**COLLECTED MATERIAL:**
*** Begin section ***

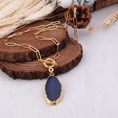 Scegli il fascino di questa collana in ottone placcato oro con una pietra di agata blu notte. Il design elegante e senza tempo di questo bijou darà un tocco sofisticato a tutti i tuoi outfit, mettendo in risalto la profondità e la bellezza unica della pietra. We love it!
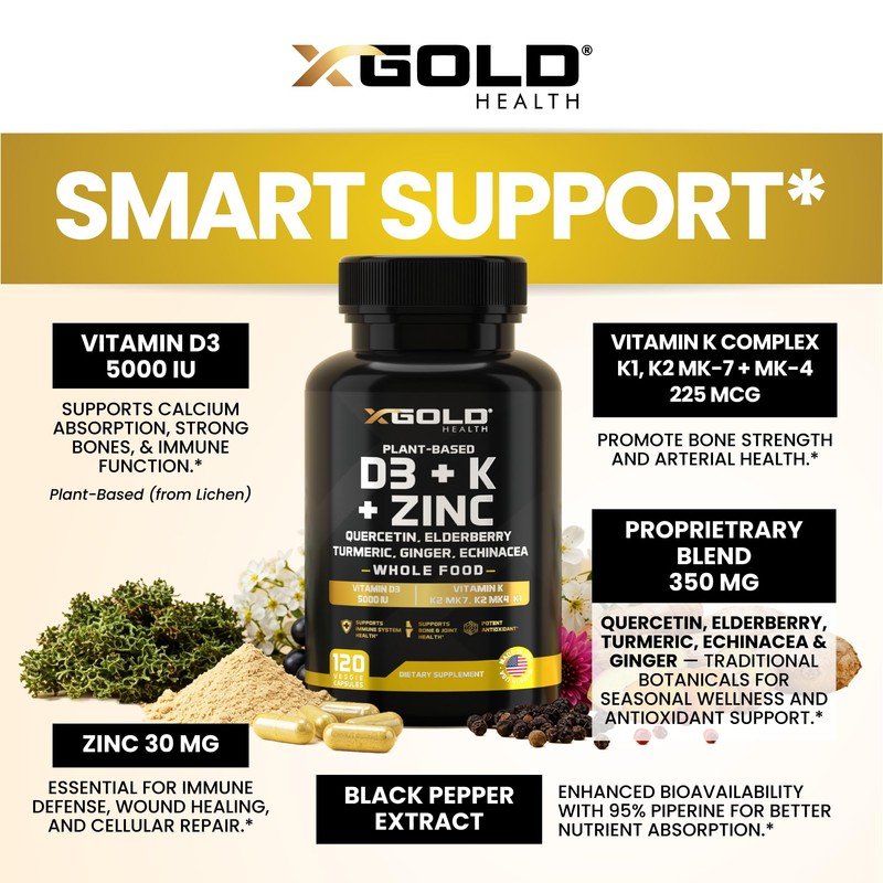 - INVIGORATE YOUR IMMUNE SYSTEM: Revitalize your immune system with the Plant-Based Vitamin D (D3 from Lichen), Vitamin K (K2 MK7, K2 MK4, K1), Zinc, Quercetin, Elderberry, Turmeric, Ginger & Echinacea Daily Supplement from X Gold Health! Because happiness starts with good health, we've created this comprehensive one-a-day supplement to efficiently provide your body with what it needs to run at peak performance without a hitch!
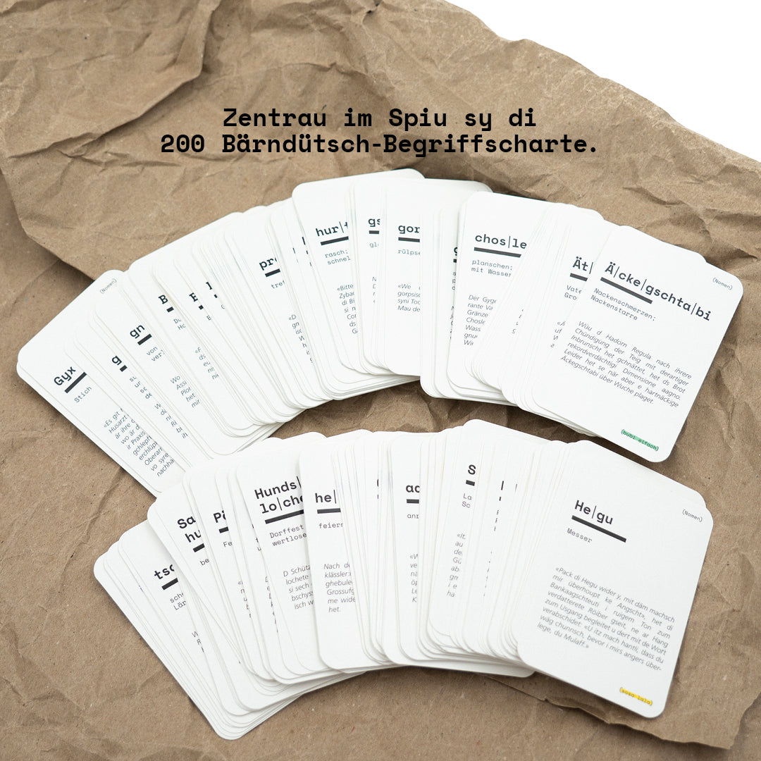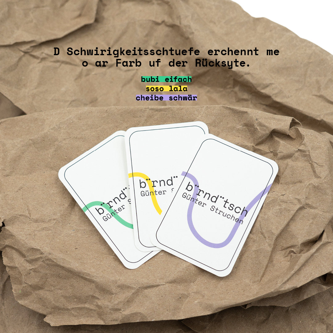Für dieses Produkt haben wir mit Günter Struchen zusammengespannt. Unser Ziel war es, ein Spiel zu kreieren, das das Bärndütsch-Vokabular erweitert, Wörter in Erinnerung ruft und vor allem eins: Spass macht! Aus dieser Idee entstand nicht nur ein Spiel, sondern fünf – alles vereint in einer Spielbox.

*** End section ***

Copy the listing above verbatim; the pictures it contains are to stay out.

 Scegli il fascino di questa collana in ottone placcato oro con una pietra di agata blu notte. Il design elegante e senza tempo di questo bijou darà un tocco sofisticato a tutti i tuoi outfit, mettendo in risalto la profondità e la bellezza unica della pietra. We love it!
 - INVIGORATE YOUR IMMUNE SYSTEM: Revitalize your immune system with the Plant-Based Vitamin D (D3 from Lichen), Vitamin K (K2 MK7, K2 MK4, K1), Zinc, Quercetin, Elderberry, Turmeric, Ginger & Echinacea Daily Supplement from X Gold Health! Because happiness starts with good health, we've created this comprehensive one-a-day supplement to efficiently provide your body with what it needs to run at peak performance without a hitch!
Für dieses Produkt haben wir mit Günter Struchen zusammengespannt. Unser Ziel war es, ein Spiel zu kreieren, das das Bärndütsch-Vokabular erweitert, Wörter in Erinnerung ruft und vor allem eins: Spass macht! Aus dieser Idee entstand nicht nur ein Spiel, sondern fünf – alles vereint in einer Spielbox.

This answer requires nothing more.